PROVIDED RECORDS -
'''

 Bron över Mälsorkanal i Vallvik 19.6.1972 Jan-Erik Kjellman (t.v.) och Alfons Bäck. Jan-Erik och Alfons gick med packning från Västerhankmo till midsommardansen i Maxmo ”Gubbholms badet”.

'''
'''

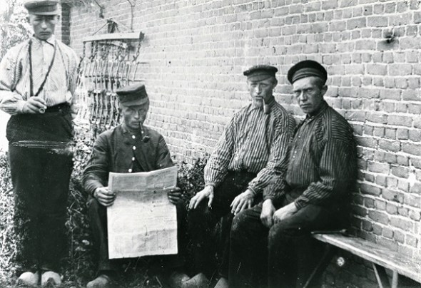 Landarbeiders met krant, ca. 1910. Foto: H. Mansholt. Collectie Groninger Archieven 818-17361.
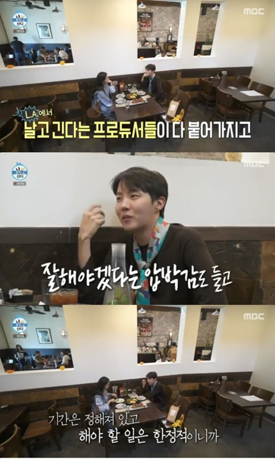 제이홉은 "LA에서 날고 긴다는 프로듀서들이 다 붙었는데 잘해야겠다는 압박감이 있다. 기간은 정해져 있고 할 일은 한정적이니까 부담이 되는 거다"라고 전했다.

'''
'''

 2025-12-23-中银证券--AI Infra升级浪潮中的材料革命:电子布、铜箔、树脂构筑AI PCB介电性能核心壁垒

'''

WHAT IS BEING ASKED -
In the entries above, find the line containing "Landarbeiders met krant, ca." and the line containing "날고 긴다는 프로듀서들이", then copy both and every line between them exactly, without any picture.

PROBLEM SOLUTION -
 Landarbeiders met krant, ca. 1910. Foto: H. Mansholt. Collectie Groninger Archieven 818-17361.
 제이홉은 "LA에서 날고 긴다는 프로듀서들이 다 붙었는데 잘해야겠다는 압박감이 있다. 기간은 정해져 있고 할 일은 한정적이니까 부담이 되는 거다"라고 전했다.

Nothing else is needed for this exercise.